Sinatra rescues me with his soulful rendition of Ol' Man River as we pull into Echuca with its paddle-steamers and own ol' man river, the Murray. Next day, we explore Barmah's world-famous wetlands, where 500-year-old red gums trace billabongs and overhang sandy riverine beaches. At Lake Mulwala, blackened trunks sprouting spindly ghostlike arms all but hypnotise us with their other-worldliness.

Speedometer klicks build as we explore the northeast's gold-rush boom towns. We stop where we want, when we want. Our accommodation varies on a whim: golfer's cabin one night, a B-and-B or a lake-side cottage, the next.
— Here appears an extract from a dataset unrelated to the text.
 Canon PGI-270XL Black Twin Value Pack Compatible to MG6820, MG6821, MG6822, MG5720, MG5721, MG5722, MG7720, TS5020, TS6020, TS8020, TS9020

Each morning, army-early, Dad marshals me into action, "Wheels rolling!"

As conversation replaces the static crackle of the radio, stories trickle out. He talks of childhood summers, the Depression, of serving on an island off Borneo in a world at war. When Ol' Blue Eyes purrs "It was a very good year", I join in with gusto, vanquishing the lump in my throat.
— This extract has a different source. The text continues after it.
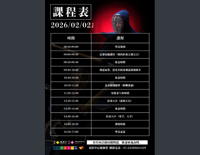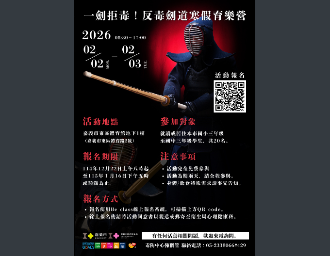 衛生局為提升兒少健康休閒意識並加強反毒教育,於115年2 月2日至115年2月3日特辦理「一劍拒毒!反毒劍道寒假育 樂營」,請踴躍報名參加

Nestled in the foothills of the Victorian alps, heritage Beechworth charms with its popular bakery, antiques and old-fashioned lolly shops; we stock up on delicious spotted gum and creamed ginger honey. On the Gorge Scenic Drive we kangaroo-hop between lookouts where granite tors have weathered into strange shapes. It was in these rugged hills that bushranger Ned Kelly and his infamous gang roamed.
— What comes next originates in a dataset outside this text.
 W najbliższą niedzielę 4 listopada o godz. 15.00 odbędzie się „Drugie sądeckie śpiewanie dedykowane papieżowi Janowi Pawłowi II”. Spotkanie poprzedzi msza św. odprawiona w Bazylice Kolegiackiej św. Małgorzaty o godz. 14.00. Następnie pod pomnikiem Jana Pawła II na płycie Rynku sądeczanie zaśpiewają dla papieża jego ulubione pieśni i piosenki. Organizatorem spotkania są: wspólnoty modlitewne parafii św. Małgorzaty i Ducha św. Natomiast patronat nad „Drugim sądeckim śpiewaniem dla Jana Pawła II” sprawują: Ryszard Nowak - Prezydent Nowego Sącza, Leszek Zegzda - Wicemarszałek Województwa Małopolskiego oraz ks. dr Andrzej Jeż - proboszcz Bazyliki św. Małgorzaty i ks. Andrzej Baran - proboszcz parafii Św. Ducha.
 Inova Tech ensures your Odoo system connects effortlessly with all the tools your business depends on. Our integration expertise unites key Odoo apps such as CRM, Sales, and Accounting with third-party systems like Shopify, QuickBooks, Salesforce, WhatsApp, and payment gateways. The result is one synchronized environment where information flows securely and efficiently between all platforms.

We motor on and on until Rutherglen's grapevines lure us to wineries boasting big reds and ruby port. Ol' Blue Eyes sings us on our way with Days of Wine and Roses, but soon Dad is checking out the Milawa cheeses for a goat's milk chevre for us to share.

Searching for a short cut through wine territory, I take a wrong turn and we get lost.

"Should I play, I'll be home for Christmas?" Dad quips as we ford a pebbly brook of staggering beauty.

The King Valley's lush green alluvial flats welcome us back on track. Towns tick by - Tolmie, Mansfield, Alexandra, Acheron. We skirt Cathedral Range and lunch at Marysville, energetically rebuilding after the 2009 Black Saturday bushfires. From Narbethong, we wind through the Black Spur's sweet chilled air. Towering mountain ashes dwarf dew-damp ferns, their fronds filigreed.

On our last day, Dad requests a Devonshire tea with lace and doilies, so we linger awhile in the Dandenongs, before returning to Melbourne. As the black bitumen beneath our tyres guides us home, Ol'Blue Eyes belts out, Fly me to the Moon.

A coincidence? Or a suggestion for our next trip?

I'll have to brush up on my map-reading for that one.